Song by Fred Astaire

from the album Easter Parade
- Language: English
- Written: Irving Berlin

= Steppin' Out with My Baby =

Song written by Irving Berlin

"Steppin' Out with My Baby" is a popular song written by Irving Berlin and introduced in the 1948 musical film Easter Parade. In the film, it was sung by Fred Astaire as part of a dance number involving him on stairs and three different dance partners.

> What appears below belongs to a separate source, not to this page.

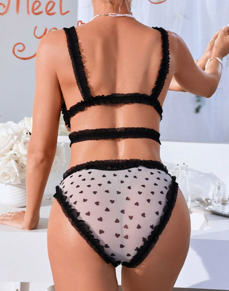 Captivate your lover’s attention with this alluring bra set. It features sheer mesh triangle cups, ruffled straps, and a criss-cross underbust detail. Paired with a matching cheeky panty, this set combines playful charm with irresistible allure.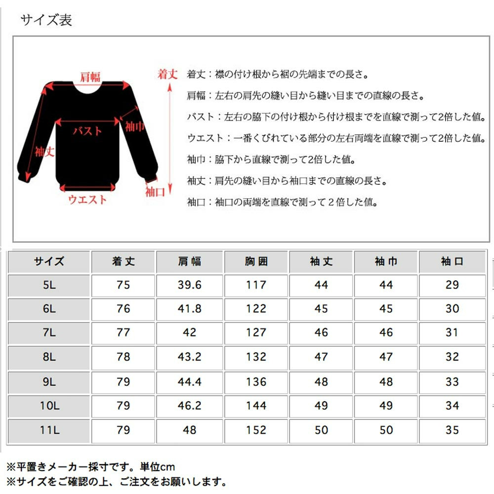 サイズ表記 5L 6L 7L 8L 9L 10L 11L 着丈 75cm 76cm 77cm 78cm 79cm 79cm 79cm 肩幅 39.6cm 41.8cm 42cm 43.2cm 44.4cm 46.2cm 48cm 胸囲 117cm 122cm 127cm 132cm 136cm 144cm 152cm 袖丈 44cm 45cm 46cm 47cm 48cm 49cm 50cm 袖巾 44cm 45cm 46cm 47cm 48cm 49cm 50cm 袖口 29cm 30cm 31cm 32cm 33cm 34cm 35cm

==Tony Bennett recordings==
Since "Easter Parade", the song has been recorded and performed by several artists, most notably Tony Bennett, in whose treatment it has become a jazz standard. Introduced as the title song on his 1993 Astaire-themed album Steppin' Out, a stylish music video for it garnered some MTV airplay and was part of Bennett's commercial resurgence at the time. One such performance was included on Bennett's 1994 album MTV Unplugged. Bennett later recorded the song as bonus tracks duets with Michael Bublé and Delta Goodrem for his 2006 Duets: An American Classic album; performed it three times with Christina Aguilera on his NBC special An American Classic, Saturday Night Live, and the 59th Primetime Emmy Awards in 2007; and in 2011 with Haley Reinhart in the finale show of American Idol season 10. Aguilera and Bennett's version was nominated in 2008 50th Annual Grammy Awards in the category Best Pop Collaboration with Vocals. Bennett continued to perform the song until his retirement in 2021.

==Other recordings==
- Fred Astaire included the song on his album The Astaire Story (1952)
- Doris Day recorded the song for her album "Cuttin' Capers" (1959).
- Curtis Stigers, alongside the John Wilson Orchestra performed the song as the opening song for the film Ted 2 (2015).
- Banu Gibson and Bucky Pizzarelli recorded the song for their album "Steppin' Out" (2002).
- American swing revivalists the Cherry Poppin' Daddies recorded a version of the song on their 2016 cover album The Boop-A-Doo, alongside several other songs originally composed by Berlin.

==In popular culture==
- It was also used as the ending song for the film She's Funny That Way (with footage "Easter Parade").
- The song was performed by the cast of Are You Being Served? on the 1978 episode "Happy Returns".